[TRY IT] Start to finish, write out the entries exactly, leaving the pictures aside.

[SOURCE MATERIAL]

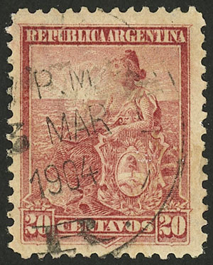 20c. Seated Liberty, perf 12¼, used, VF (Image)
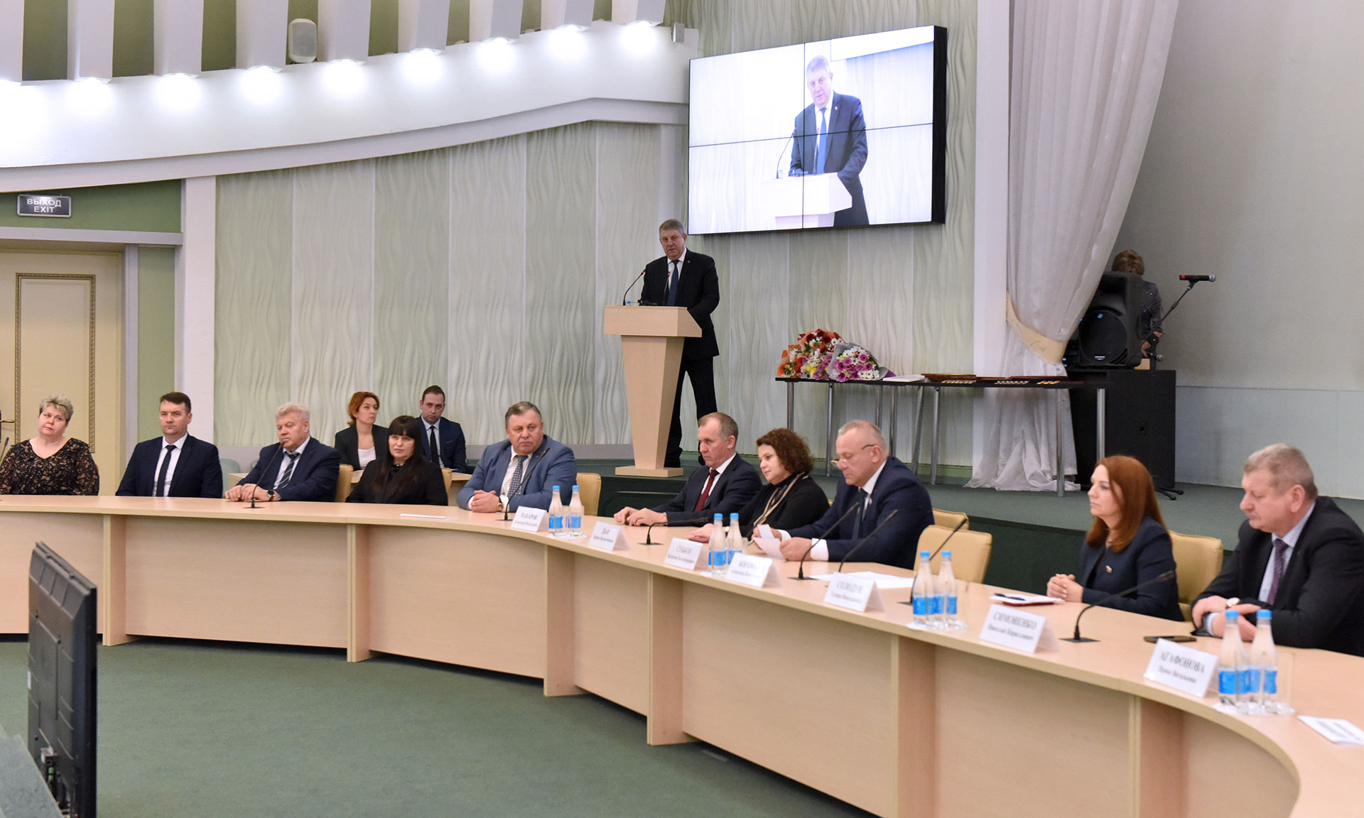 К участникам торжественного собрания обратился Губернатор Александр Богомаз:
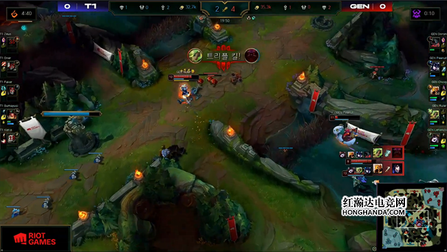 GEN刚刚拿下大龙Buff准备展开推进,猴子就在中路F6附近绕后开团秒掉了最关键的泽丽。虽然GEN也在野区抓死了阿木木,但是他们的推进也被迫减缓。GEN沉着冷静继续稳健运营,牢牢把握住之前团战积累下来的优势,保持着4千左右的经济领先。T1利用大龙引诱击杀璐璐以后选择开打大龙。GEN四人在龙坑附近不紧不慢形成包夹之势,剑魔和猪妹进场吸引仇恨分割阵型,泽丽再次进入无解输出模式豪取四杀,只有猴子一人带着大龙Buff侥幸逃脱!
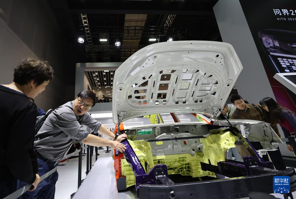 4月26日,参观者在问界汽车展出的一个车身框架前交流讨论。
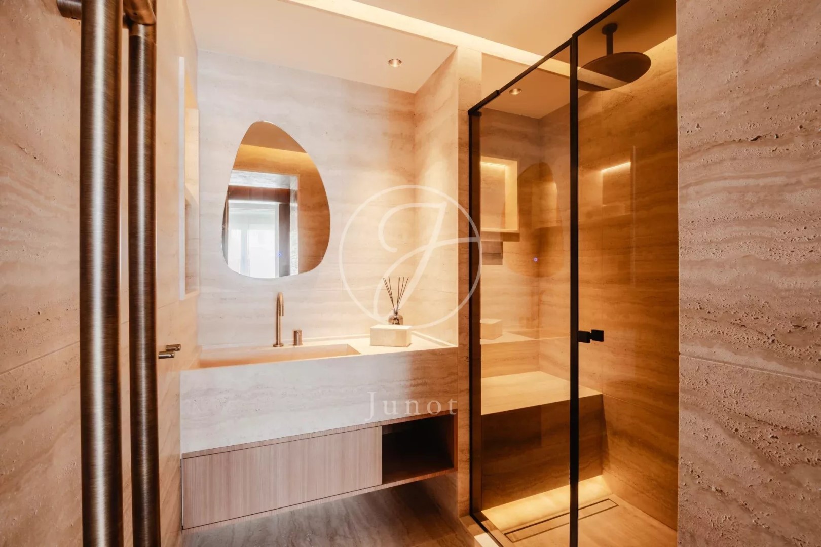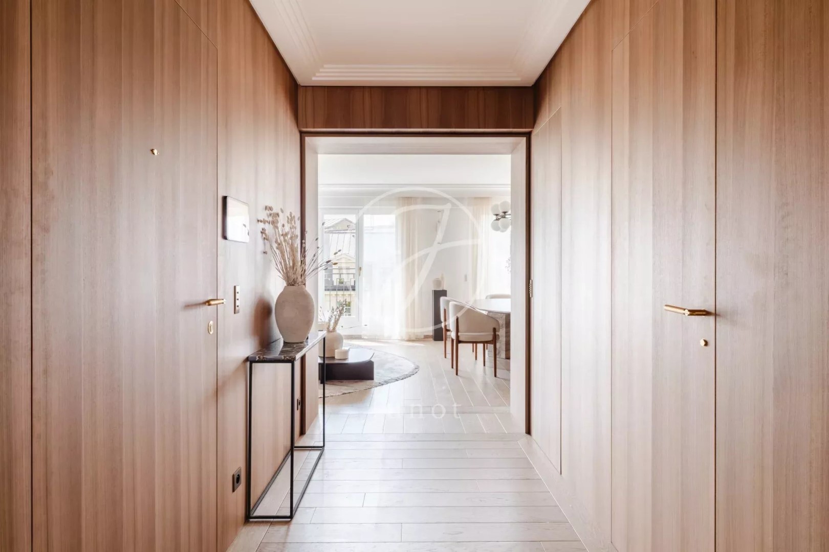 Ideally located on avenue d'Iéna, a stone's throw from Place de l'Étoile. On the fifth floor of a secure luxury building with live-in janitor, this walk-through apartment offers unobstructed views of the Eiffel Tower and Arc de Triomphe. Entirely renovated by an architect, it features a vast, bright living room with open kitchen, two suites, each with bathroom and toilet, guest toilet and plenty of built-in storage space. The common thread running through the décor is the refined combination of travertine and oak. Dressing rooms, woodwork, custom-designed furniture. Air-conditioned, furnished with top-of-the-range pieces, this apartment is sold turnkey. A rare property, ideal as a pied-à-terre, for customers looking for an exceptional location.
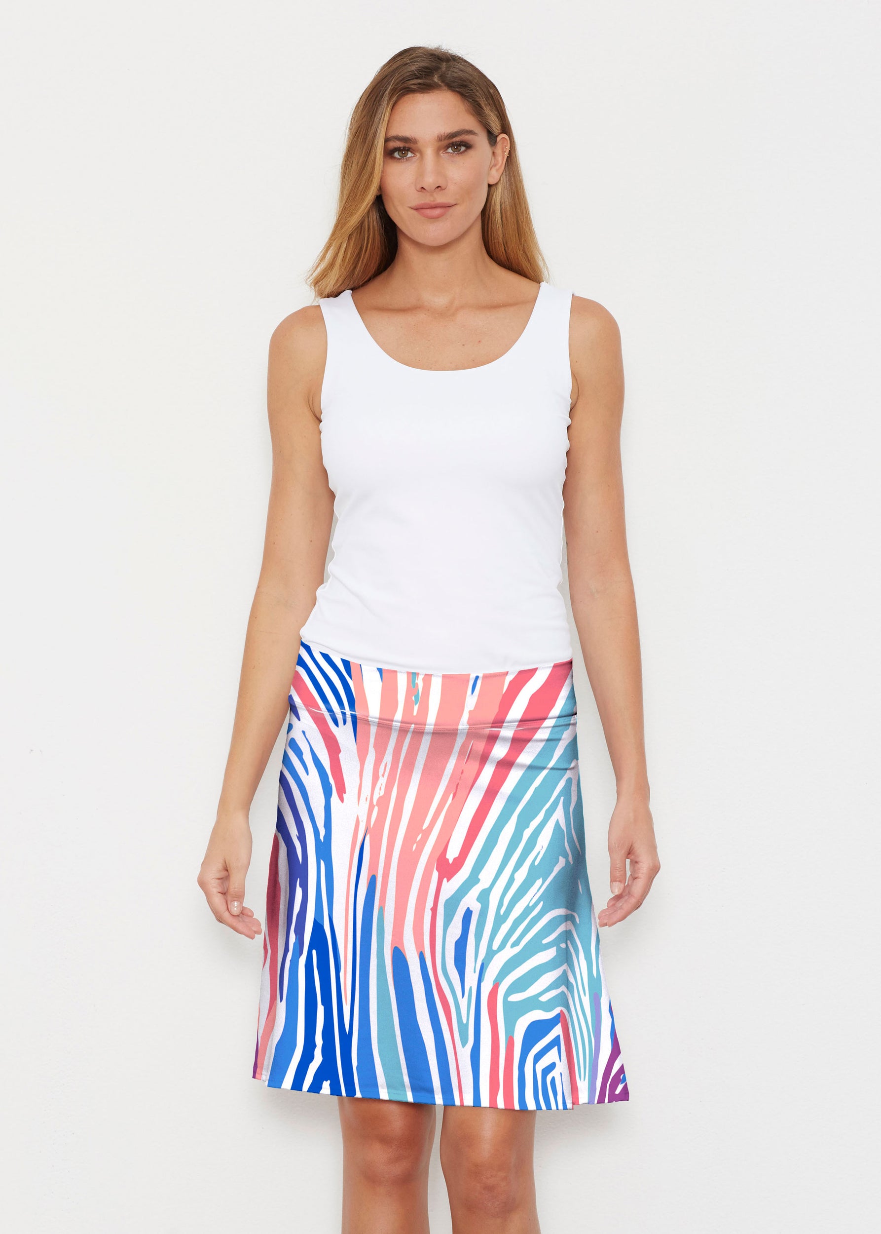 Pull-on ease increases option to shift waistline to hip or natural waist. A true ageless style, this wardrobe essential works for casual business, date night, or sporty weekend - just pick your print.
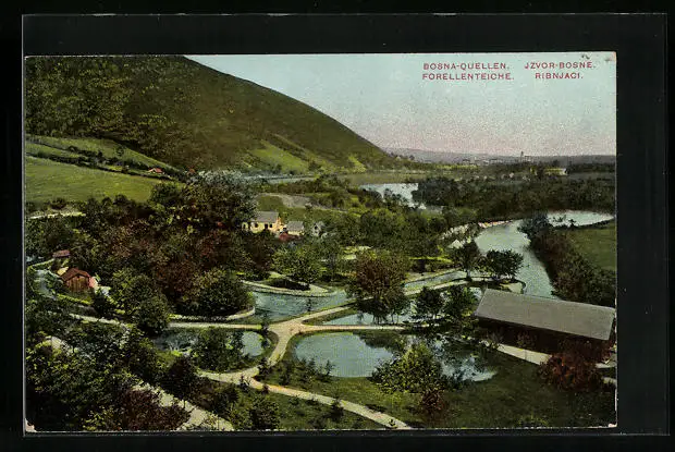 AK Sarajevo, die Bosna-Quellen, an den Forellenteichen
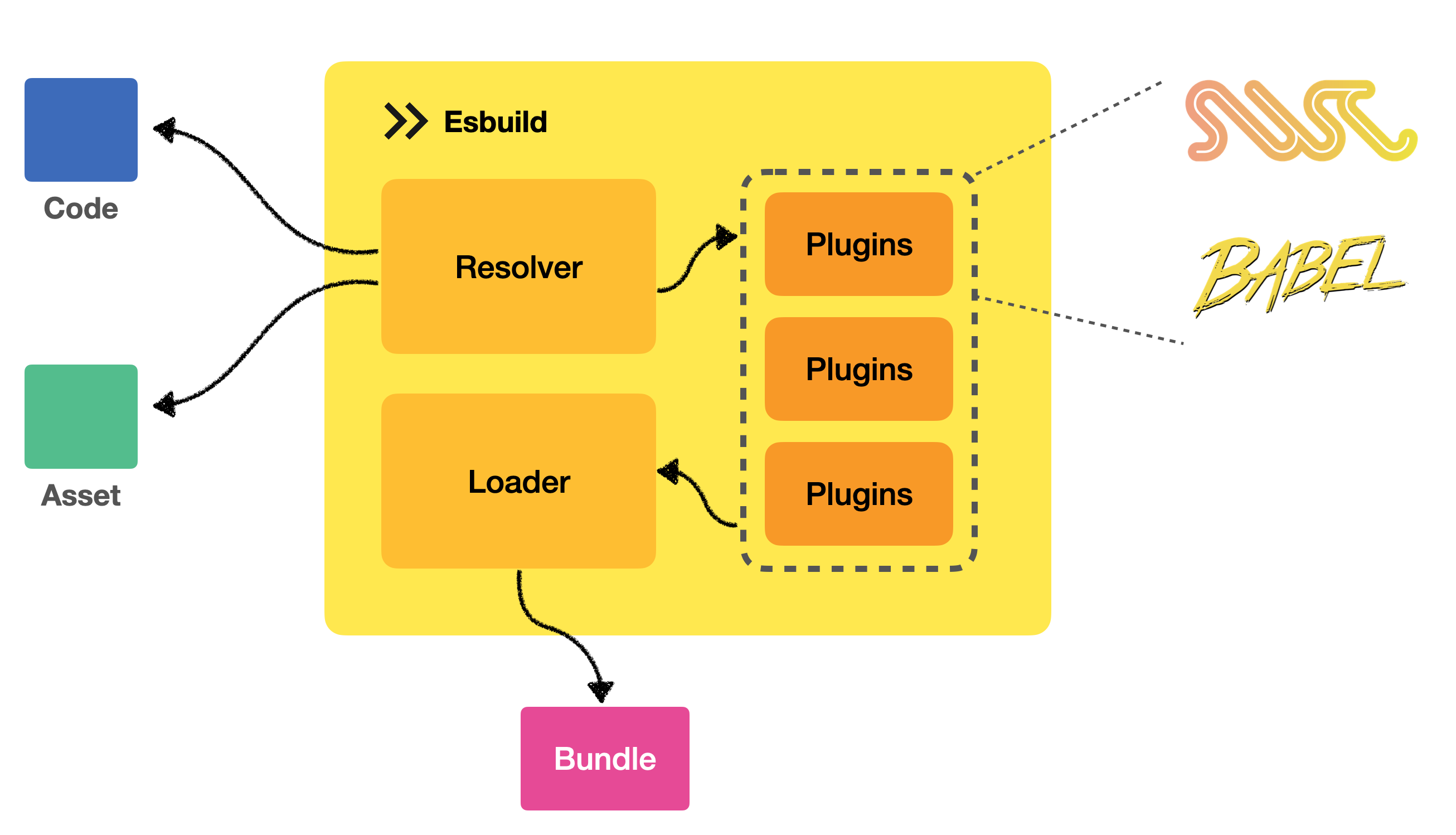소스코드와 에셋(이미지)등의 파일은 esbuild를 통해 로드하고, 코드 변환이나 에셋 전처리 등의 여러가지 커스텀 작업들은 플러그인으로 구현하고자 한다.

[ANSWER AREA]
 20c. Seated Liberty, perf 12¼, used, VF (Image)
 К участникам торжественного собрания обратился Губернатор Александр Богомаз:
 GEN刚刚拿下大龙Buff准备展开推进,猴子就在中路F6附近绕后开团秒掉了最关键的泽丽。虽然GEN也在野区抓死了阿木木,但是他们的推进也被迫减缓。GEN沉着冷静继续稳健运营,牢牢把握住之前团战积累下来的优势,保持着4千左右的经济领先。T1利用大龙引诱击杀璐璐以后选择开打大龙。GEN四人在龙坑附近不紧不慢形成包夹之势,剑魔和猪妹进场吸引仇恨分割阵型,泽丽再次进入无解输出模式豪取四杀,只有猴子一人带着大龙Buff侥幸逃脱!
 4月26日,参观者在问界汽车展出的一个车身框架前交流讨论。
 Ideally located on avenue d'Iéna, a stone's throw from Place de l'Étoile. On the fifth floor of a secure luxury building with live-in janitor, this walk-through apartment offers unobstructed views of the Eiffel Tower and Arc de Triomphe. Entirely renovated by an architect, it features a vast, bright living room with open kitchen, two suites, each with bathroom and toilet, guest toilet and plenty of built-in storage space. The common thread running through the décor is the refined combination of travertine and oak. Dressing rooms, woodwork, custom-designed furniture. Air-conditioned, furnished with top-of-the-range pieces, this apartment is sold turnkey. A rare property, ideal as a pied-à-terre, for customers looking for an exceptional location.
 Pull-on ease increases option to shift waistline to hip or natural waist. A true ageless style, this wardrobe essential works for casual business, date night, or sporty weekend - just pick your print.
 AK Sarajevo, die Bosna-Quellen, an den Forellenteichen
소스코드와 에셋(이미지)등의 파일은 esbuild를 통해 로드하고, 코드 변환이나 에셋 전처리 등의 여러가지 커스텀 작업들은 플러그인으로 구현하고자 한다.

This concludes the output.